Cows are only hunted to keep herds at objective

There are only doe hunts where there are depredation issues. 

The extended hunts are a success in this state for henry qality bucks and over the counter tags with 4 month seasons. There should be more not less. If you weren't such a poser you could pick up a bow and give them a try.

I'm done with this uneducated post.


----------



## #1DEER 1-I (Sep 10, 2007)

> Where do I start with this ignorant and uninformed post
> 
> Moose do not do well south of a certain latitude. Its a temperature thing. So its not a failure on the dwr.
> 
> ...


There' still Moose on the Fishlake and your beautiful great DWR who doesn't make any mistakes and who are so educated put them on the unit. You must know more than them because there the ones who put Moose on the unit and attempted to establish a herd so it wasn't an up in the night dream.
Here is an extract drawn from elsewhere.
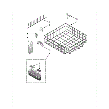 The Silverware Basket is an OEM part for Whirlpool dishwashers. It provides a designated area for organizing and holding silverware and small utensils during the washing cycle, ensuring they are thoroughly cleaned and properly dried. It measures approximately 5 inches wide, 9 inches high, and 20 inches deep. I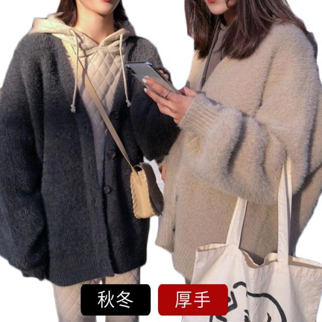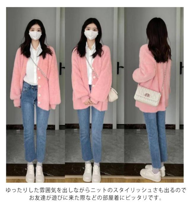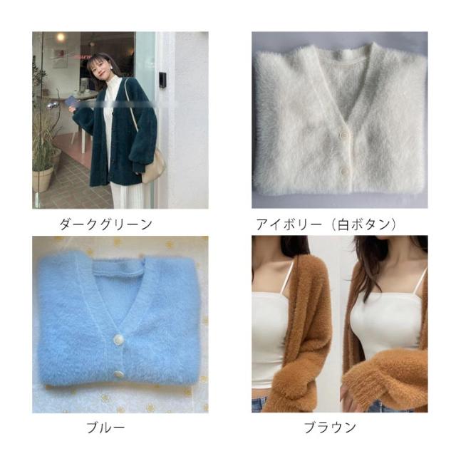 カーディガン レディース ニットカーディガン ゆったり 秋冬 カーデ ショート丈 モヘア風 モヘアライク 厚手 無地 ボタン フェミニン 大人 おしゃれ モヘヤカーディガン 大人ニット

Next, spike hunts aren't ruining quality? Are you a complete idiot or have you just not got off your rocking chair and actually looked at unit by unit what it has done? You said it yourself killing bulls before they reach there potential or a cetain age is the problem. We'll killing them as a spike they can't do that mr. sw. You can't kill hundreds of bulls that haven't even had a chance to branch an antler and hope that your quality gets better. It has gone down hill and in a big way on many units. To say killing spikes does nothing to the quality of the herd is idiotic. Let them grow and instead of issuing spike tags issue more LE tags actually letting the bulls grow to somewhat of there potential before killing them.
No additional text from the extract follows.